芥は暗闇の中、目的の物らしき物体を掴んだ。                                      そのままそれをロッカーから抜き出すと懐に抱き込んだまま、人目 を気にするかの様に背を丸め、そのまま、販売機の横をすり抜けていった。
 バタンと、彼の背後でロッカーの扉が閉まった。
(そして・・・・・あれを俺に渡した・・・・)

 芥は、再び男と視線を交じらせた。
(―――――――張本人!)
「俺は、あなたの指示に従いつづけた。」
メール着信あり
2013 4/21

 芥は男の顔色を下目遣いにうかがい続けながら、続けた。
「まず、何故・・・金太の事を知っているんだ?そして、何故今更になって俺に接触をかけようとしたんだ?」
メール着信あり
2014  5/3

「フッ・・・・。」
男は、髪を芝居がかった動作でかき上げながらすぐ横に積まれた鉄骨に足をかけた。
メール着信
2014 6/3
2014 6/13
2014 7/5
2014 7/7
・・・あり。

 ガダンッ!!
男の足が鉄骨の山の1部分を踏み抜くと、鉄骨の中に隠されていた布で包まれた竿状の形の物が持ち上がる。
「野木君。

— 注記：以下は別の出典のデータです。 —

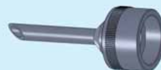
Beccuccio diametro 8 mm 8 mm-diameter nozzle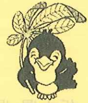
県民の日マスコット 「ルリちゃん」

栃木県は、明治6(1873)年6月15日に県が成立してから、令和5(2023)年に150年を迎えます。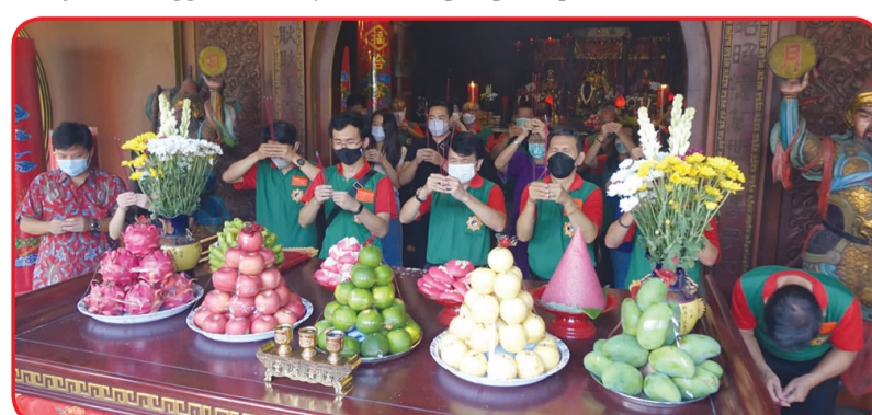
Umat beserta pengurus Yayasan Tri Setia Bhakti - TITD Kelenteng Kwan Sing Bio Semarang berdoa bersama.

Sing Bio Semarang kali ini mengadakan perayaan HUT ke-17 dan sekaligus memperingati HUT Kesempurnaan YM.Namu Cia Lan Phu Sa dengan sederhana saja, dengan panjatkan doa bersama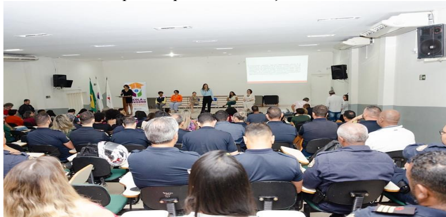
Figura 4 – Seminário Municipal: Respeito às Diferenças como Premissa da Política Pública

Desses encontros surgiram as proposições para dois seminários, sendo o primeiro realizado em agosto de 2023 e intitulado “Seminário Municipal: Respeito às Diferenças como Premissa da Política Pública”, com a finalidade de levar mais conhecimento e reflexão sobre a questão da diversidade no atendimento ao público. Foi um seminário voltado para os servidores e, embora o tema não fosse sobre intolerância religiosa às religiões de matriz africana, o assunto estava implícito no que tange à observância dos servidores públicos ao respeito às diferentes crenças que existem no município.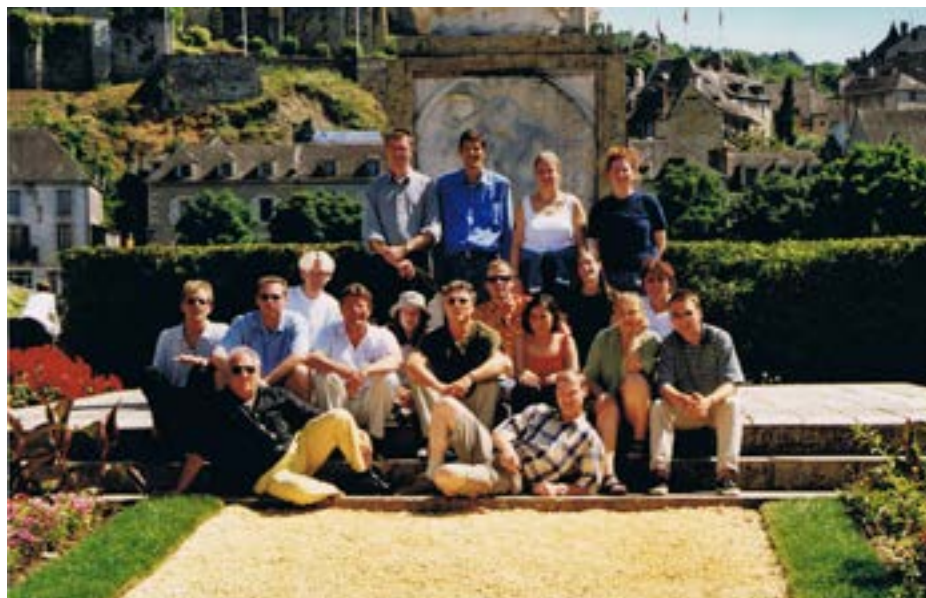
Konzertreise Ile d'Oleron und Terrasson 2000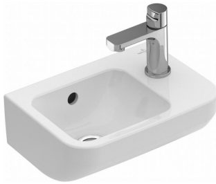
Foto : Hangtoilet van Villeroy & Boch met softclose zitting (gelijkvloers)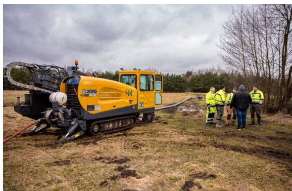
Roboty przy budowie sieci wodociągowej w kierunku Starego Helenowa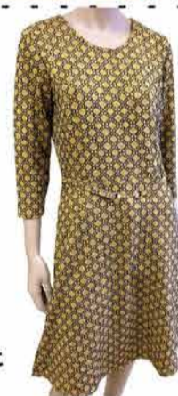
Naiste kleit M.X.O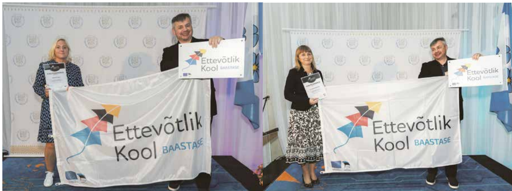
Ettevõtliku Kooli baastaseme märgis omistati Kirivere Koolile ja Olustvere Põhikoolile.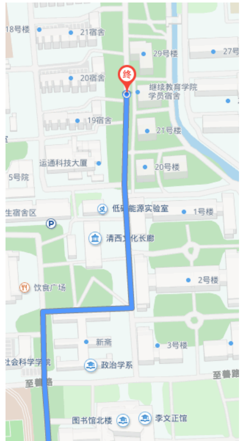
学员宿舍楼周边放大图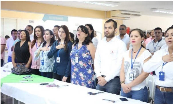
Figura 2. Jornadas de Rendición de Cuentas por la Rectoría y la Alta Dirección.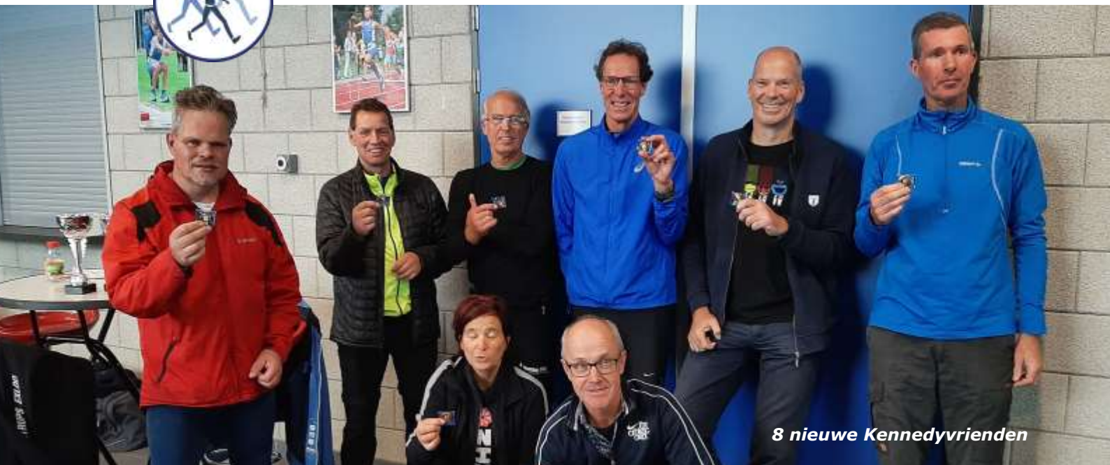
8 nieuwe Kennedyvrienden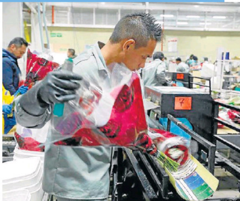
YA SE TIENEN VARIAS VACANTES abiertas, pero el número de hojas de vida recibidos de personal venezolano es muy bajo.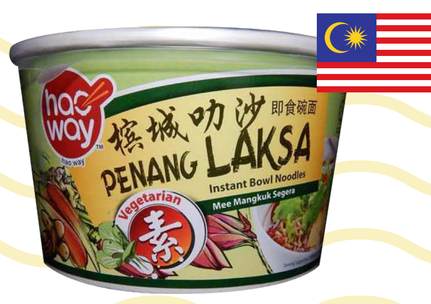
บะหมี่กึ่งสำเร็จรูป รสปีนังลักซา (Penang Laksa)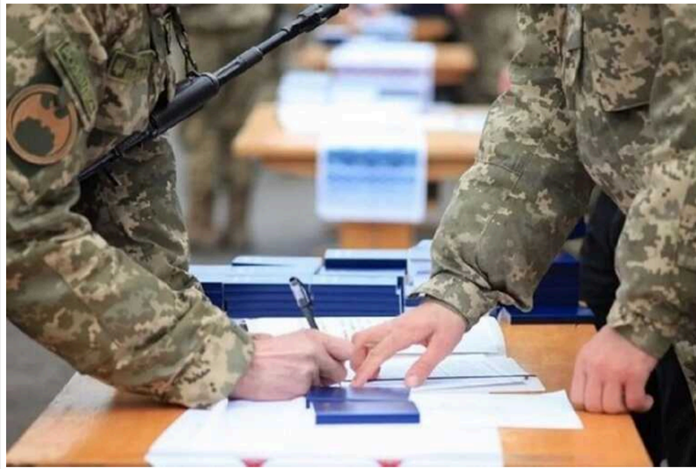
Посадовцям змінили правила бронювання від мобілізації

В Україні змінили правила бронювання чиновників від мобілізації. Зокрема, військовозобов'язані громадяни, які очолюють певні департаменти чи підрозділи, можуть бути призвані до армії.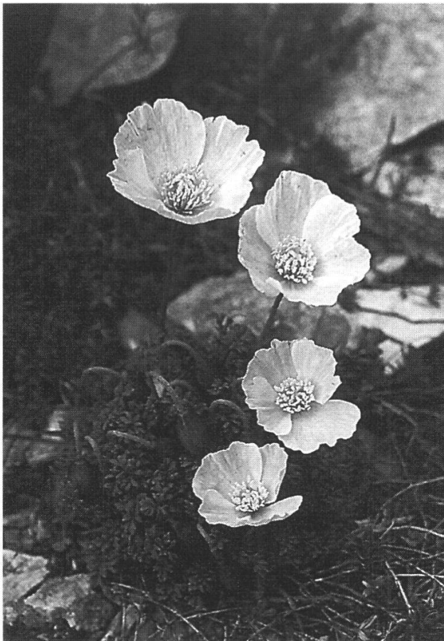
Papaver julicum Majella

2. Nacht im Hotel «Europa Park», Sulmona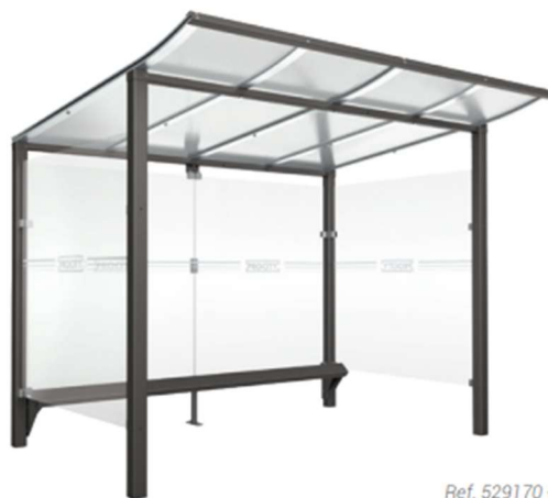
Ref. 529170 + 209147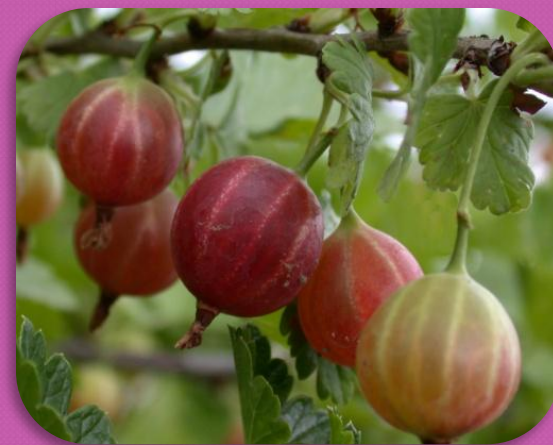
Ягоды зеленой, желтой, розовой, красной и почти черной окраски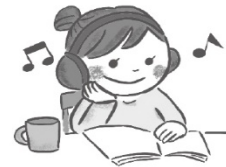
好きなことをして のんびり過ごす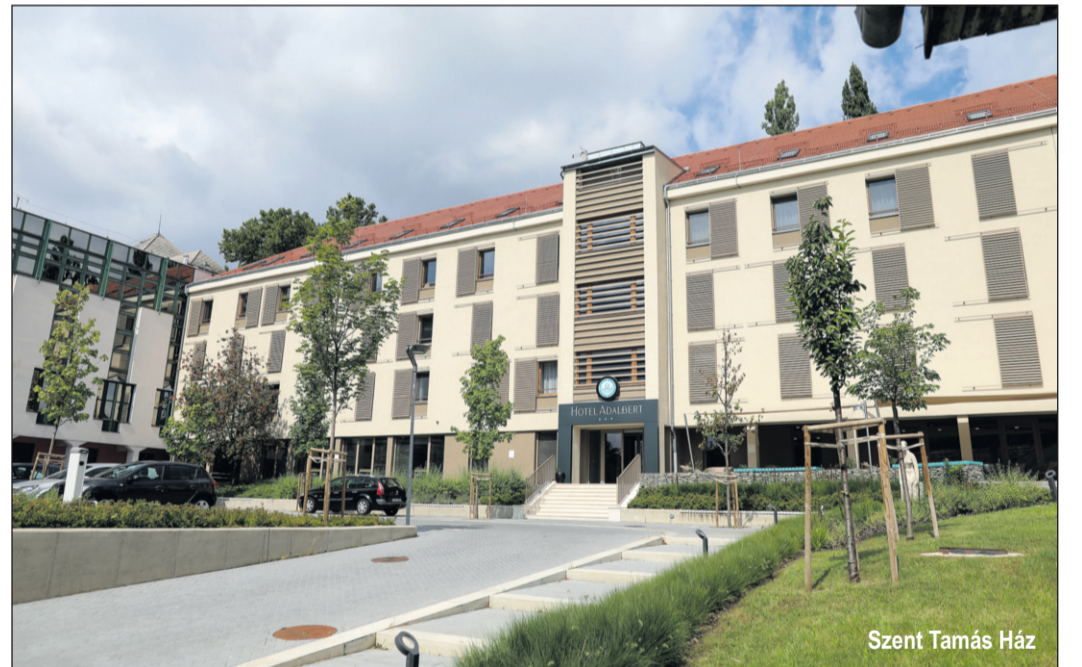
Szent Tamás Ház

Milyen típusú rendezvényeknek adnak otthont?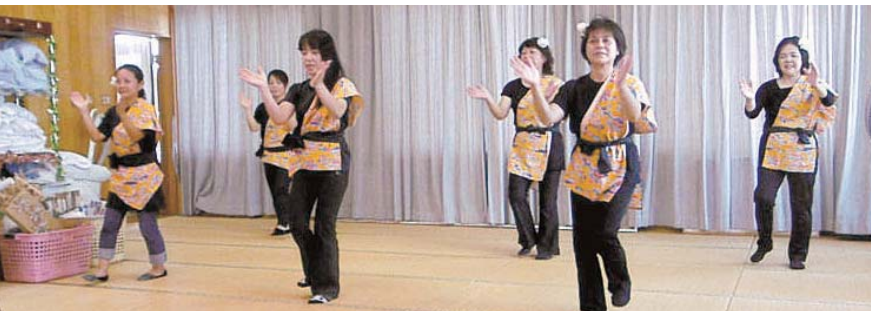
なじみの踊りで舞台を盛り上げます

過ごせたとおもいます。また、皆さん、顔見知りという事もあり、久しぶりに会ったりした様で、ユンタクに花が咲いたようでした。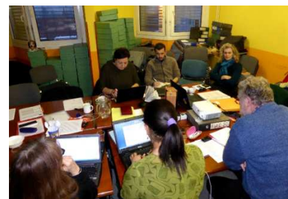
En groupe de travail à Radio Student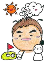
社会福祉士 佐々木 亮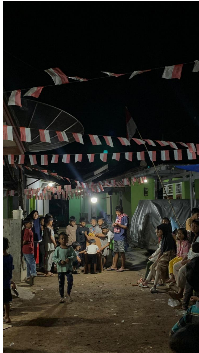
Gambar 2.6 Mengikuti Kegiatan Perlombaan

Lomba ini dilaksanakan supaya menjadi kesempatan untuk semua masyarakat dapat bersosialisasi dan melatih kerjasama dengan warga desa dan mahasiswa PKPM. Lomba ini dilaksanakan agar memeriahkan HUT-RI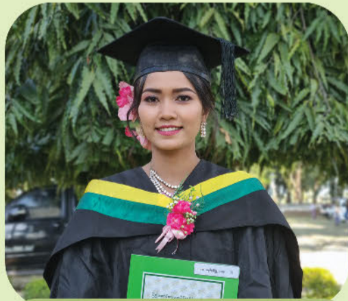
မချစ်နှင်းဖြူ

တက်ကြမယ့် မန်းရေနံမြေက ဂျူနီယာတွေအနေနဲ့လည်း ပညာကို ကြိုးစားသင်ယူကြပါ။ ရလာတဲ့ ပညာသင်ဆုကို လည်း တန်ဖိုးထားကြပါလို့ တိုက်တွန်းချင်ပါတယ်။ ပညာ သင်ဆုက ကိုယ့်ဘဝကို ပိုပြီးတောက်ပစေမယ့် ပံ့ပိုးမှု တစ်ခုလို့ ယုံကြည်ပါတယ်။

」
 顔をあげ、あからさまに警戒した芥の足下にばらん、と包みをほどかれ、その中身が転がり落ちた。
地に転がった二対の・・・。
・・・・・刀!!?
 大きく反るようなフォルムの、鋭利な刃を要す側面を持つ鉄の棒。
まぎれもない日本刀、真剣だった。
「そうだ、ルールを言ってなかったね。」
(こいつ・・・。)
 男は冷や汗を浮かべ、自分の顔を覗き見た芥に口元を緩めながら、調子を全く変えないどころか、むしろ以前より愉快そうな声を上げた。
「薔薇だ・・・。」
 男は、そうい言いながらシャツのボタンを鎖骨が見える位まで開け始める。
芥はそこで初めて、男がいつの間にか紅い、一本の薔薇を手にしているに気付いた。
「・・・?」
 男は口元をほころばせながら、その薔薇をシャツのポケットに入れた。
「胸の薔薇を散らされた方が敗け。これだけだ。」
(正常(ふつう)じゃない!)
 男の悠然とした笑みに、芥の額に小さな汗が浮かぶ。
フッ・・・。
「!!」
 芥の表情が、凍った。
男の、女受けしそうな甘いマスクが、自分に向かって動いていた。
 そして、その右腕には白刃が握られていた。
ガシ・ッ。
 男の、芥の手前に踏み込んだ革靴が土埃を立てる。
表情、肉体、精神・・・その全てが固まった芥の眼鏡に、
 迫る白刃のきらめきが映った・・・。